History/usage of virtual machines

  • Invented by IBM in late 1960's
  • Original usage:
    • One VM per user
    • Each user ran a different guest OS
    • Single shared hardware platform
  • Interest died out in the 1980's and 1990's:
    • Each user had a private machine
  • Reinvented, made practical by Mendel Rosenblum and graduate students at Stanford, formed VMware.
  • Software development:
    • Need to test software on different OS versions:
    • Keep one VM for each OS version.
    • Use a single machine to test all versions.
  • Datacenters:
    • Problem: many machines, each running a single application
      • Need separate machines for isolation: application crash could bring down the entire machine
      • Most applications only need a fraction of machine's resources.
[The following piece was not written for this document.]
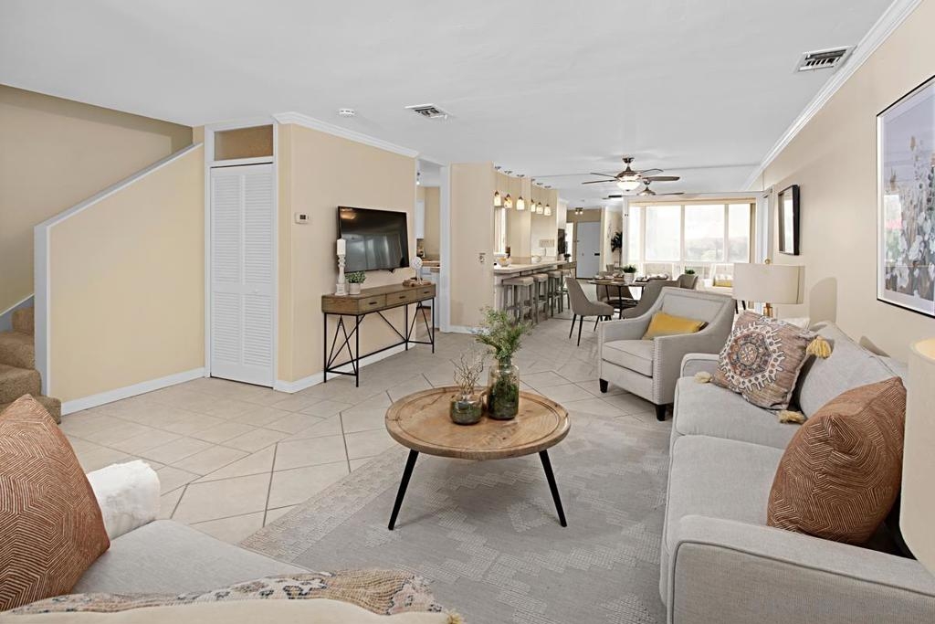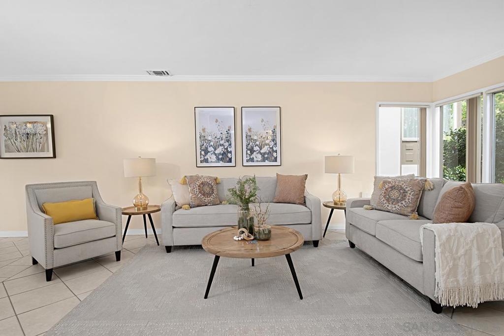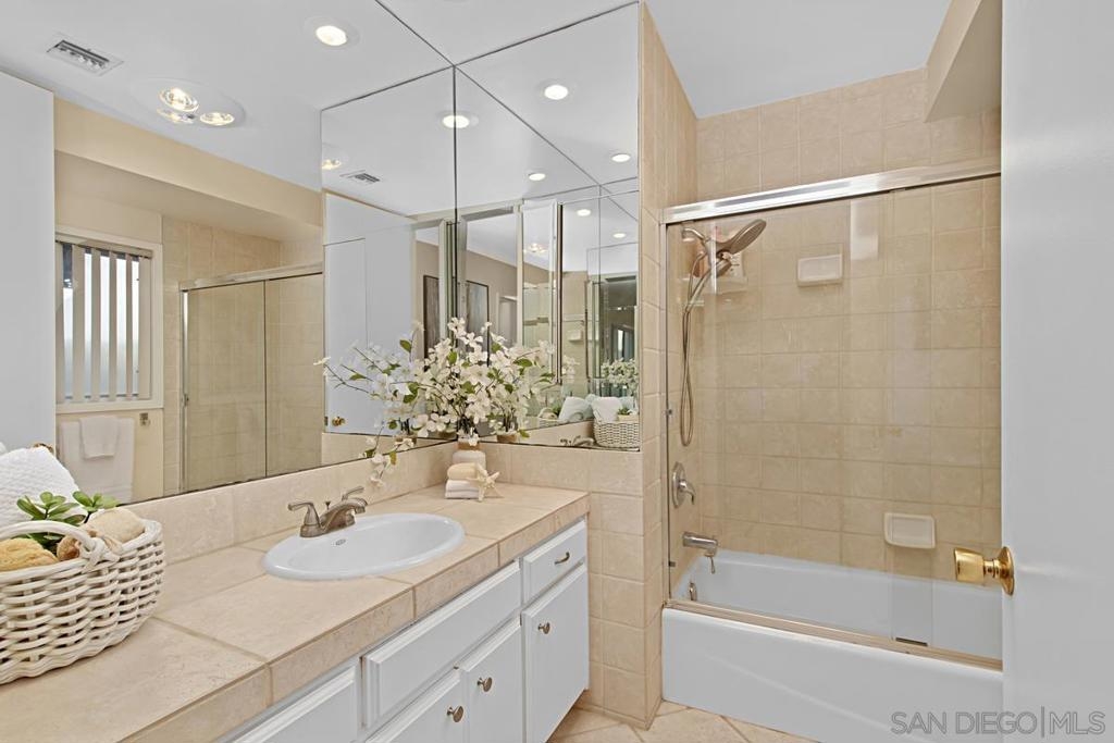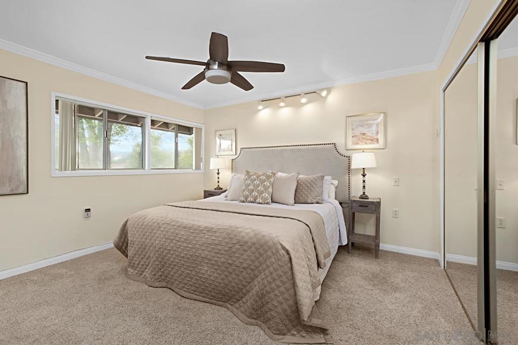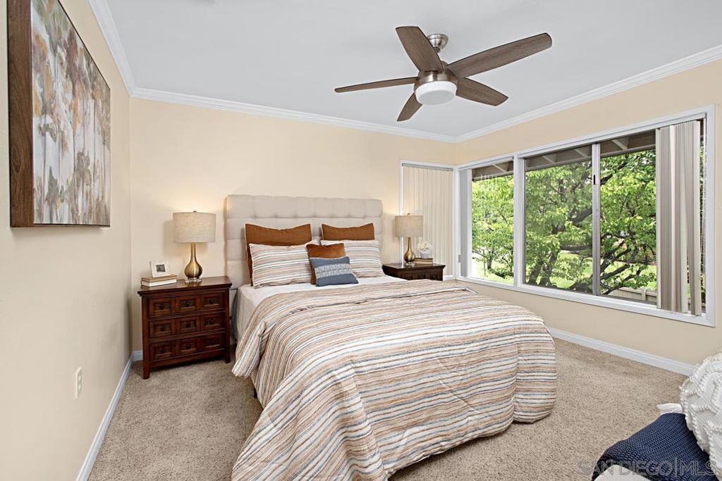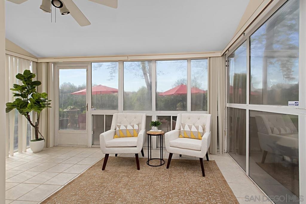 Townhome located on the 15th & 16th holes of the RB Inn golf course, with no age restrictions! Poway Schools!!! This beautiful two-story unit boasts dual primary bedrooms with ensuite bathrooms, and the luxury of no unit above or below, offering unparalleled privacy and tranquility. As you step inside, you're greeted by an inviting open living area, perfect for both relaxation and entertaining. A sunroom provides an ideal space for work or leisure. Enjoy the convenience of one garage space and reserved parking just steps from your front door, as well as covered storage for a golf cart. Enjoy the convenience of one garage space and reserved parking just steps from your front door, as well as covered storage for a golf cart. The nearby RB Swim and Tennis Club adds to the appeal, providing residents with exclusive access to an array of recreational amenities including tennis courts, pools, a racquetball court, jacuzzi, gym, and even a woodshop! Located in the acclaimed Poway Unified School District, this home offers the perfect blend of convenience and lifestyle. Enjoy easy access to shops, restaurants, and the nearby I-15, making commuting a breeze.

    • Solution: datacenter consolidation
      • One VM per application
      • Run several VM's on a single machine
      • Reduce # of machines
  • Encapsulation, restart:
    • VMM can encapsulate entire state of a VM in a file.
    • Can save, continue, restore old state.
    • Datacenter example:
      • Can migrate VM's between machines to balance load
    • Software development:
      • Tests may corrupt the state of the machine
      • Solution:
        • Run tests in a VM
        • Always start tests from a saved VM configuration
        • Discard VM state after tests
        • Results: reproducible tests
  • Security: can monitor all communication into and out of VM.
  • Heavily used in cloud computing (e.g. Amazon Web Services, Google Cloud).